**GOAL OF THE EXERCISE**
When the data below is printed, every line must match exactly and the images must be absent.

[Items listed in a dataset]

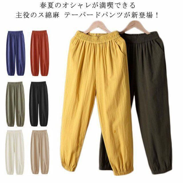 新品 テーパードパンツ レディース リネンパンツ スウェットパンツ ジョガーパンツ リネン ロングパンツ イージーパンツ 9分丈 綿麻 綿麻パンツ 細身 美脚 美シルエット きれいめ 春夏 秋 カジュアル kkkuns
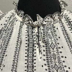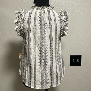 NWT E&M Black and White Print High Neck with Butterfly Sleeves SMALL
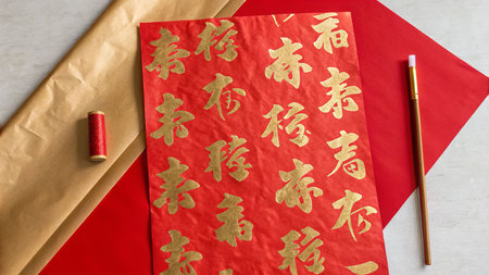 This vibrant image captures the essence of Chinese New Year with red envelopes and calligraphy brushes. Ideal for celebrating culture and tradition.
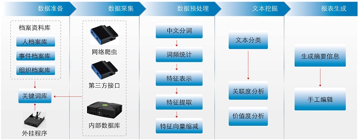 形成一套適合用于公安隊伍的可行的情報挖掘甄別輔助系統(tǒng),可高效地管理來自網(wǎng)絡(luò)及內(nèi)部數(shù)據(jù)庫的輿情信息,監(jiān)控重大事件輿情,發(fā)現(xiàn)危害輿情信息,并自動對輿情信息進行分類,有效提高信息化工作水平??傮w流程如下圖:
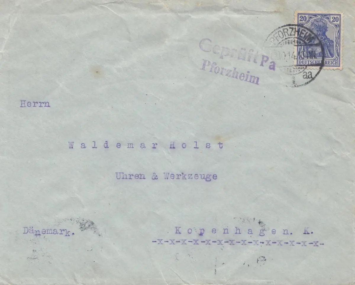 Censure: 1914 Lettre de Pforzheim à Copenhague-Examen Pa P Forzhem
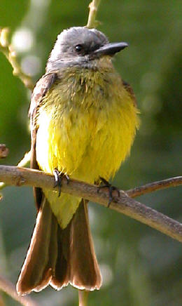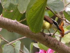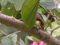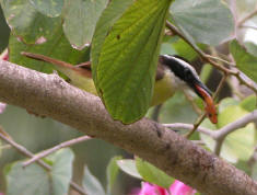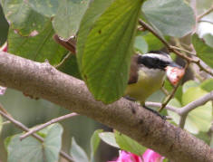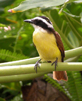 The Great Kiskadee catches a small goldfish from the pond and smacks it over and over again on the branch before eating it |
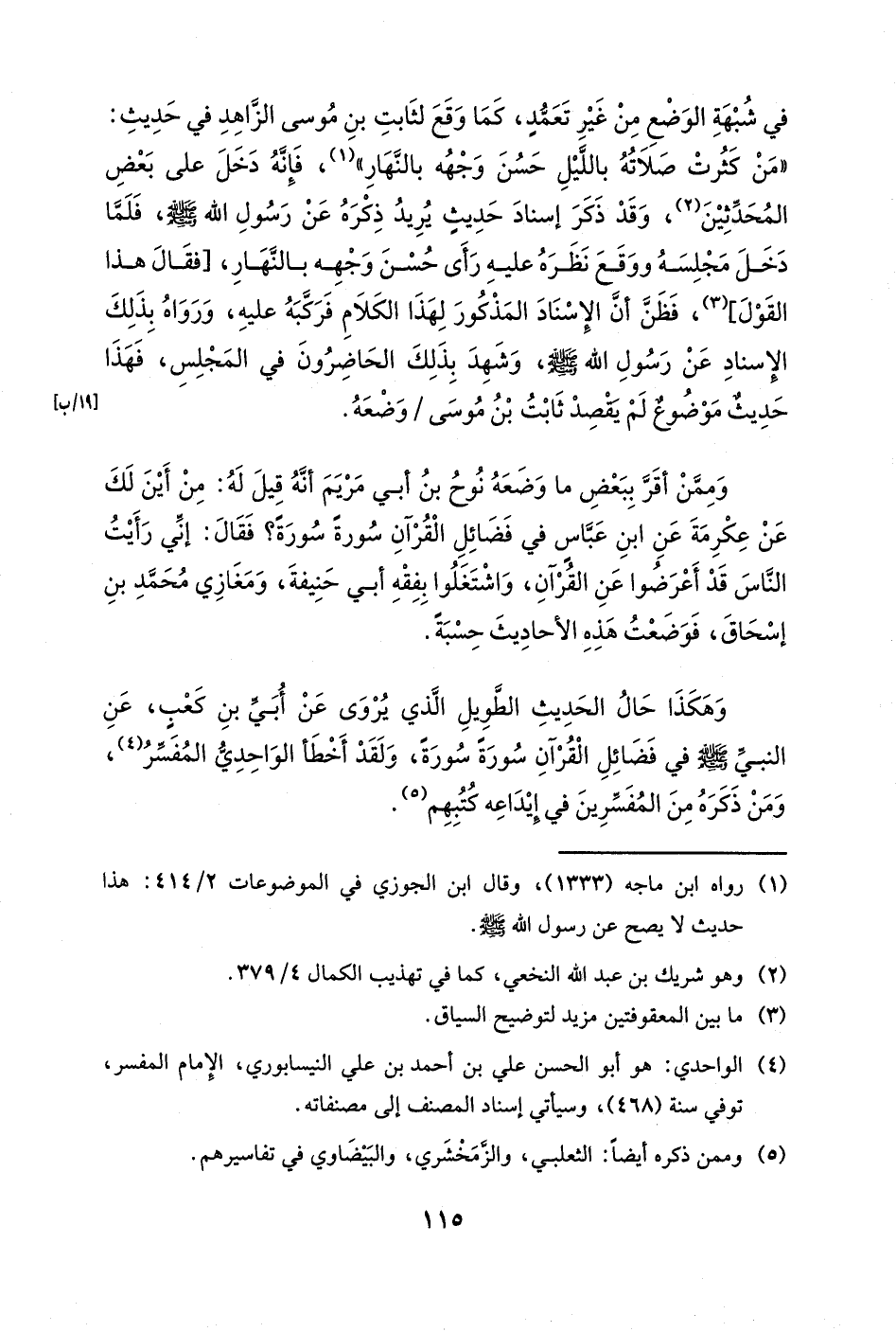 وهكذا حال الحديث الطويل الذي يروى عن أبي بن كعب، عن النبي صلى الله عليه وسلم في فضائل القرآن سورةً سورةً، ولقد أخطأ الواحدي المفسر، ومن ذكره من المفسرين في إيداعه كتبهم.
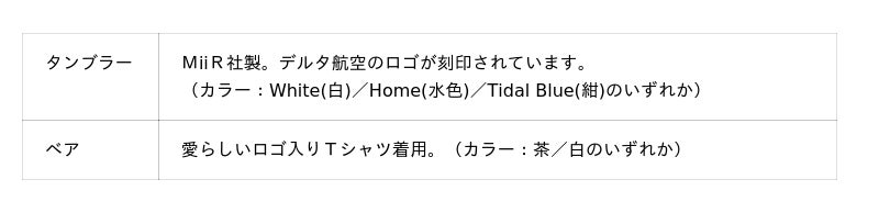 旅先やオフィスで大活躍するスタイリッシュなタンブラーと、デルタ航空のロゴ入りTシャツを着たキュートなベアです。
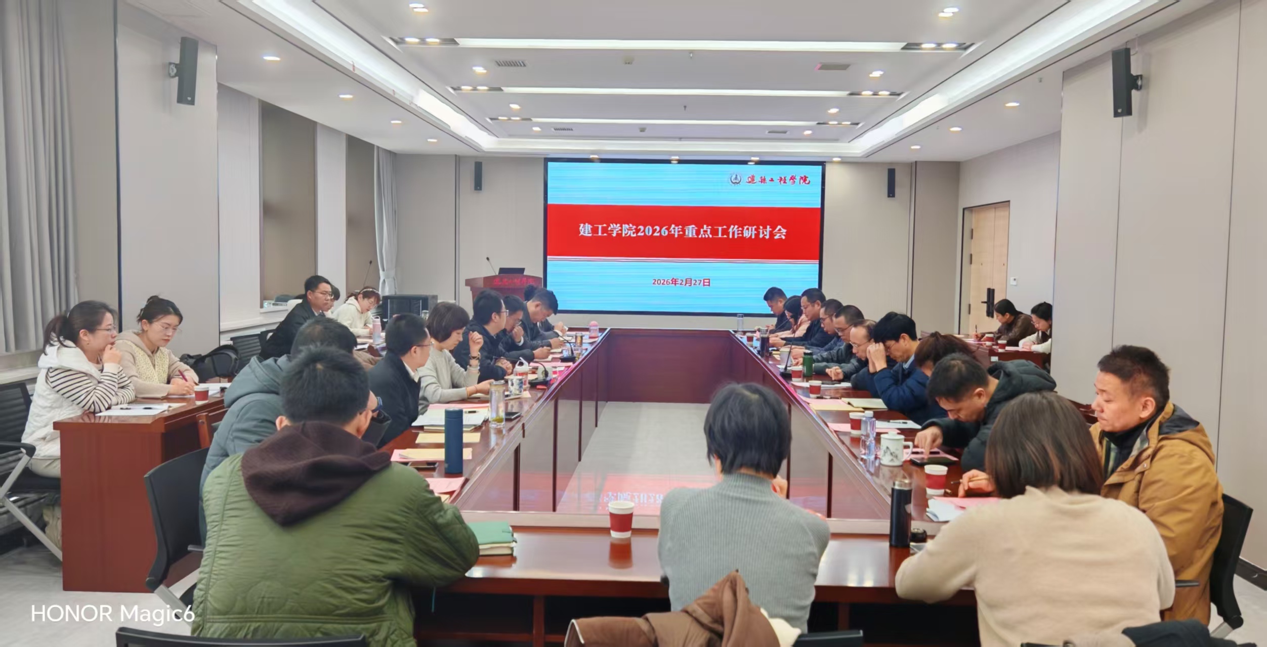 2月27日上午,建工学院在北校区学院第一会议室召开2026年重点工作研讨会,剖析2025年工作成效,研讨2026年工作思路,院领导班子、各系室主任和副主任,全体科级干部参加会议,院长邢国华主持会议。
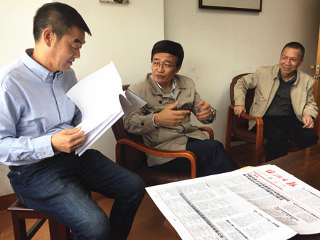 圖為市國資委主任徐豪和集團總經(jīng)理張建平一起走訪市財政局股東單位
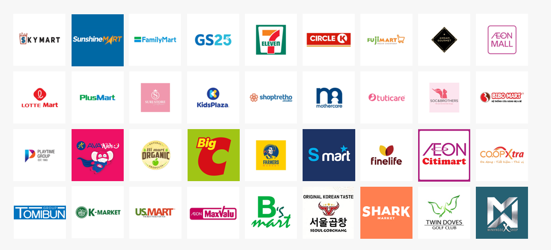 Bibo Mart, Aeon Mall, Tuticare, Soc & Brothers, KidsPlaza, Vinmart, Lotte Mart, Circle K...

**SOLUTION TO THIS PROBLEM**
 新品 テーパードパンツ レディース リネンパンツ スウェットパンツ ジョガーパンツ リネン ロングパンツ イージーパンツ 9分丈 綿麻 綿麻パンツ 細身 美脚 美シルエット きれいめ 春夏 秋 カジュアル kkkuns
 NWT E&M Black and White Print High Neck with Butterfly Sleeves SMALL
 This vibrant image captures the essence of Chinese New Year with red envelopes and calligraphy brushes. Ideal for celebrating culture and tradition.
 形成一套適合用于公安隊伍的可行的情報挖掘甄別輔助系統(tǒng),可高效地管理來自網(wǎng)絡(luò)及內(nèi)部數(shù)據(jù)庫的輿情信息,監(jiān)控重大事件輿情,發(fā)現(xiàn)危害輿情信息,并自動對輿情信息進行分類,有效提高信息化工作水平??傮w流程如下圖:
 Censure: 1914 Lettre de Pforzheim à Copenhague-Examen Pa P Forzhem
 The Great Kiskadee catches a small goldfish from the pond and smacks it over and over again on the branch before eating it |
 وهكذا حال الحديث الطويل الذي يروى عن أبي بن كعب، عن النبي صلى الله عليه وسلم في فضائل القرآن سورةً سورةً، ولقد أخطأ الواحدي المفسر، ومن ذكره من المفسرين في إيداعه كتبهم.
 旅先やオフィスで大活躍するスタイリッシュなタンブラーと、デルタ航空のロゴ入りTシャツを着たキュートなベアです。
 2月27日上午,建工学院在北校区学院第一会议室召开2026年重点工作研讨会,剖析2025年工作成效,研讨2026年工作思路,院领导班子、各系室主任和副主任,全体科级干部参加会议,院长邢国华主持会议。
 圖為市國資委主任徐豪和集團總經(jīng)理張建平一起走訪市財政局股東單位
 Bibo Mart, Aeon Mall, Tuticare, Soc & Brothers, KidsPlaza, Vinmart, Lotte Mart, Circle K...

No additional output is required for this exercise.